Find the dimension of the solution space that the following linear system has:

x + 3y - z + 2u + v = 0

x + 2y + 4z + 2u = 0

2x + 8y + z + 3u - v = 0

     When the number of rows/linear equations is less than the number of columns/variables we mostly know that the system has infinite solutions. But, how big is this solution space? Well, as we already know from last time the dimension of a linear space or subspace is equal to the number of basis vectors, and so we will only have to find how these solutions are build up.

The A matrix of this system looks like this:

1 3 -1 2 1

1 2 4 2 0

2 8 1 3 -1

After doing elementary operations we end up with the following echelon form:

1  0  0  40/13  44/13

0  1  0  -5/13  -12/13

0  0  1  -1/13  -5/13  

So, we have infinite solutions and let's say that u and v are arbitrary or parameters (as I like to call them)

That way:

x = -40/13 u - 44/13 v

y = 5/13 u + 12/13 v

z = 1/13 u + 5/13 v

u, v arbitrary

We can also write the solution in this form:

(x, y, z, u, v) = (-40/13 u - 44/13 v, 5/13 u + 12/13 v, 1/13 u + 5/13 v, u, v)

That breaks up to the following to vectors:

s1 = (-40/13, 5/13, 1/13, 1, 0) u

s2 = (-44/13, 12/13, 5/13, 0, 1) v

X  = N(A) = {s1, s2}     (this set is also a basis for the nullspace)

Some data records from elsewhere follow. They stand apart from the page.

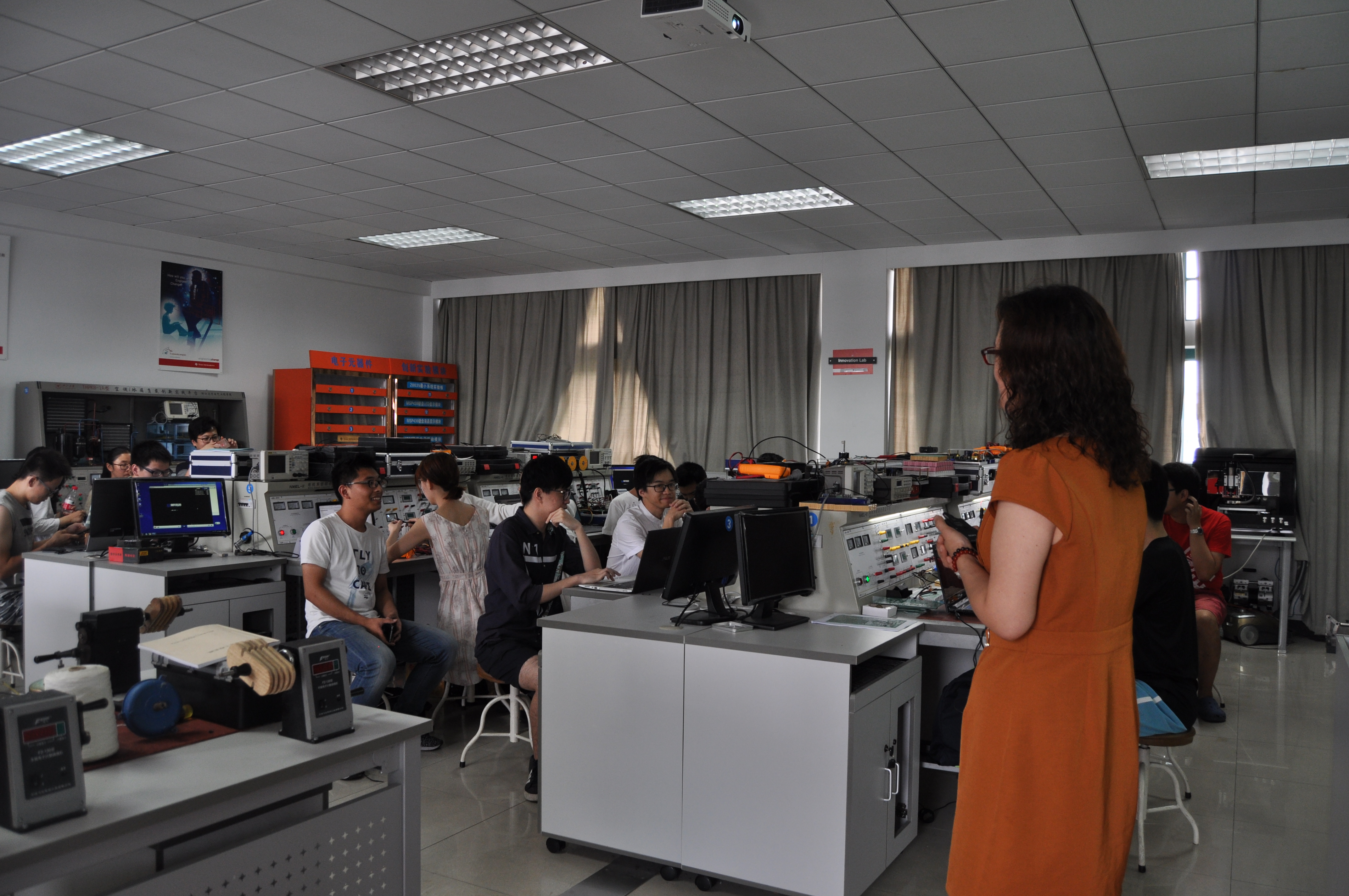 经过一个学期的相处,同学们都迷上了这样一个学习氛围浓厚的环境。机械电子工程大二的詹同学是唯一一名坚持选这门课程的大二同学,在卢老师的指导鼓励下,在学长、学姐的关心帮助下,顺利完成了“分立器件功率驱动板”项目,他说这门“自由大、形式广、重实践、氛围好”的实验课为他的大二生涯添上了浓重的一笔,尽管最后一次走出实验室时,心中充满了不舍,但是“这门课程所带给我的收获将会伴随着我一路前行,卢老师和学长学姐所感染我的那种求是与探索的精神也会支持着我度过每一段困惑”。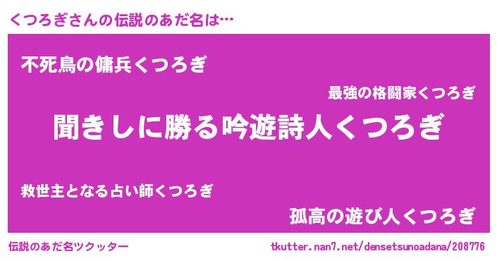 | ヒーロー風カッコイイあだ名 | 『ネオクツロギ』『スーパークツロギ』 |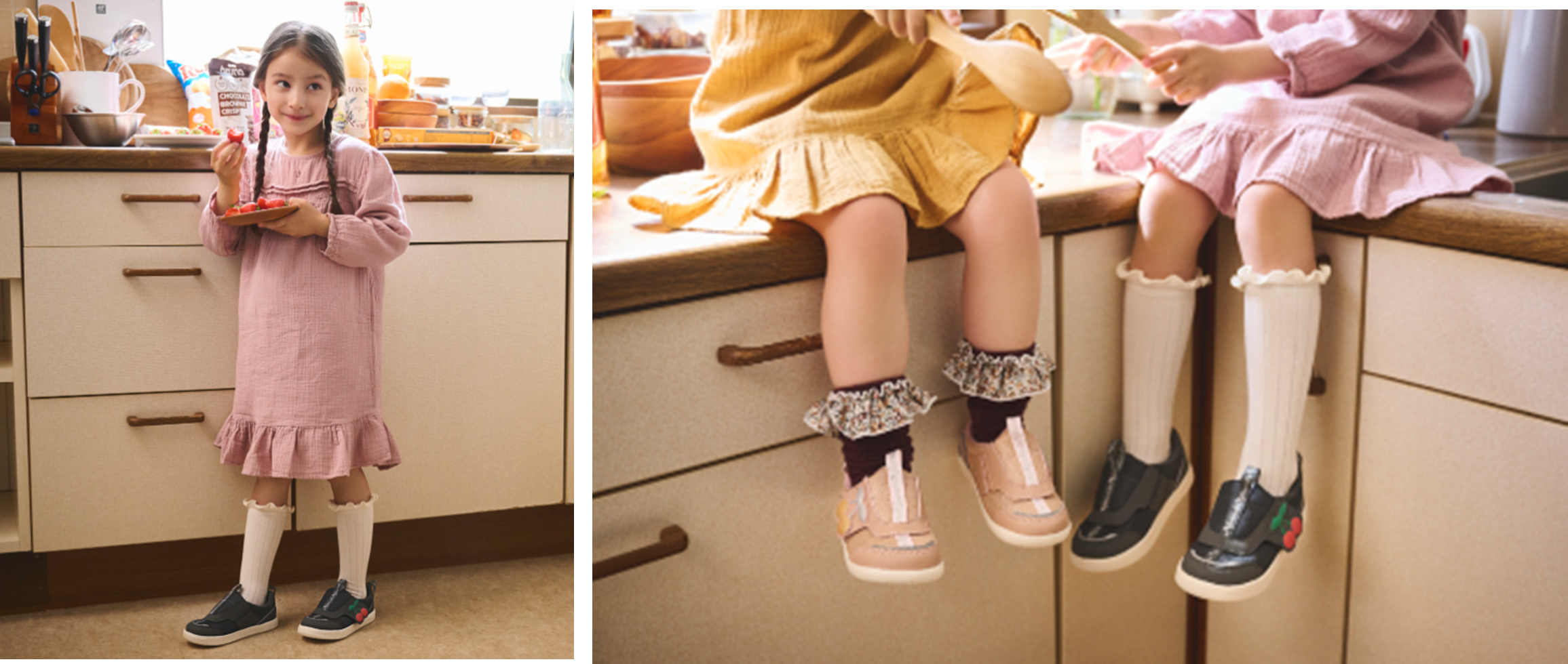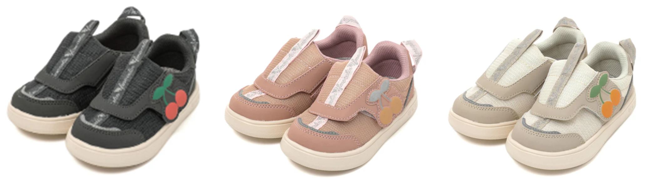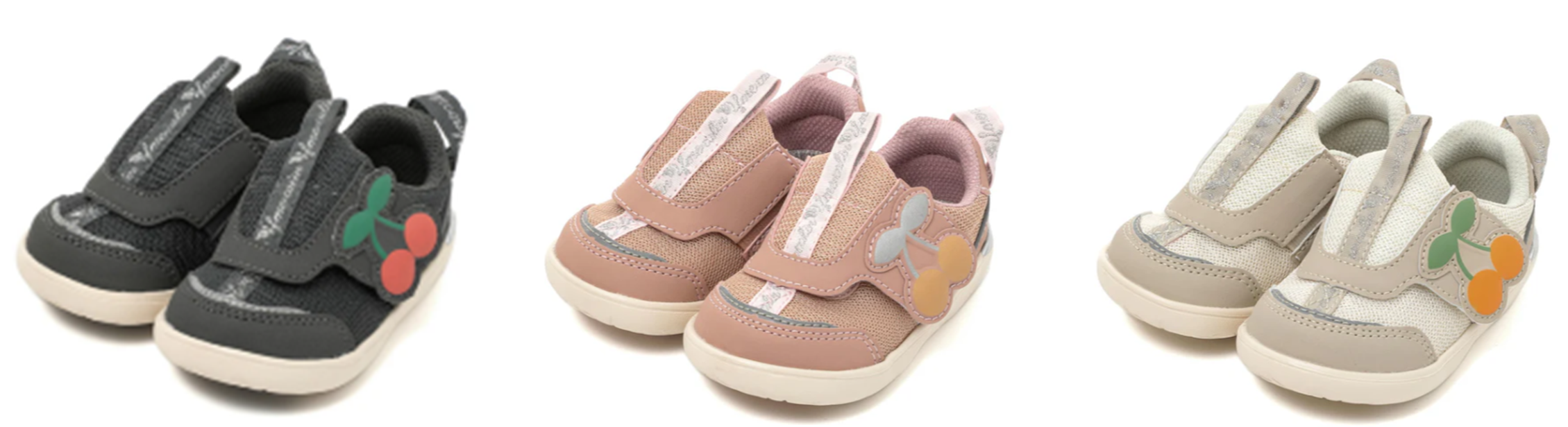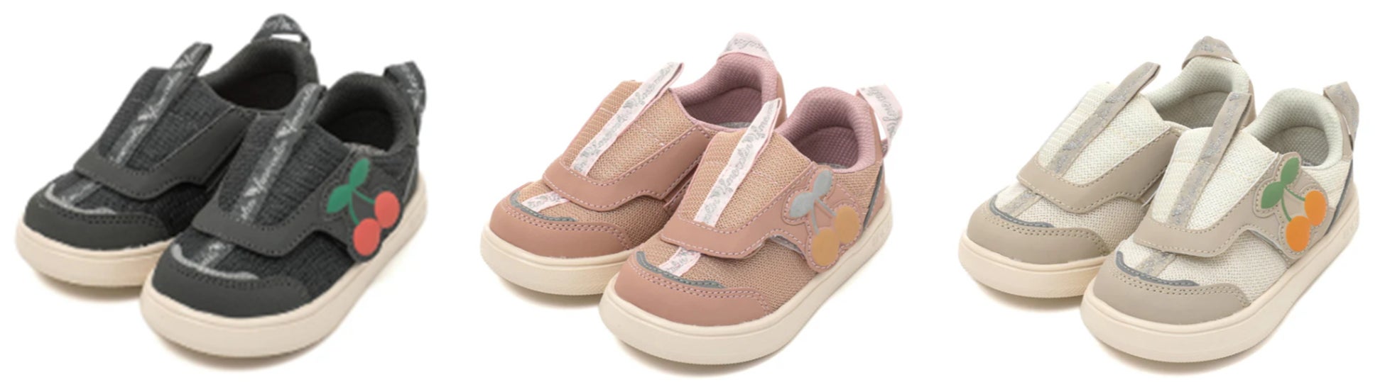 「ifme CALIN ビッグチェリー ifme patto スニーカー」には、ベルト部分に大きな「チェリー」のモチーフをあしらいました。カラーはブラック・ピンク・ベージュの3色を展開。これからの季節にぴったりな、落ち着きのある色合いで、各カラーでチェ―リーの色が異なるかわいらしいデザインになっています。

And so the dimension of the nullspace or solution space is 2.

Example 2:

Find a basis for the nullspace and the rank of the following homegeneous systems in matrix form

i) 

2 1

1 -1

After doing elementary operations we end up with the identity matrix I:

1 0

0 1

    That way the linear system has only one solution the zero-solution (0, 0) and so the nullspace N(A) has no basis and is equal to the zero-set {0}. Because we have two non-zero rows the rank of this matrix is 2.

ii)

1 -1 1

2 -2 2

-1 1 -1

    All the rows/linear equations are actually the same equation, cause they are multiplications of either one of the others and so the system actually it this one:

1 -1 1

0 0 0

0 0 0

    So, this system has infinite solutions and supposing x1, x2, x3 are the variables then x2 and x3 are arbitrary and so the solution looks like this:

x1 - x2 + x3 = 0 => x1 = x2 - x3

So, the solution in vector form is:

(x1, x2, x3) = (x2 - x3, x2, x3) = (x2, x2, x3) + (-x3, x2, x3) = (1, 1, 0) x2 + (-1, 0, 1) x3

s1 = (1, 1, 0) x2

s2 = (-1, 0, 1) x3

N(A) = {s1, s2}

And so the set {s1, s2} is a basis of the nullspace N(A).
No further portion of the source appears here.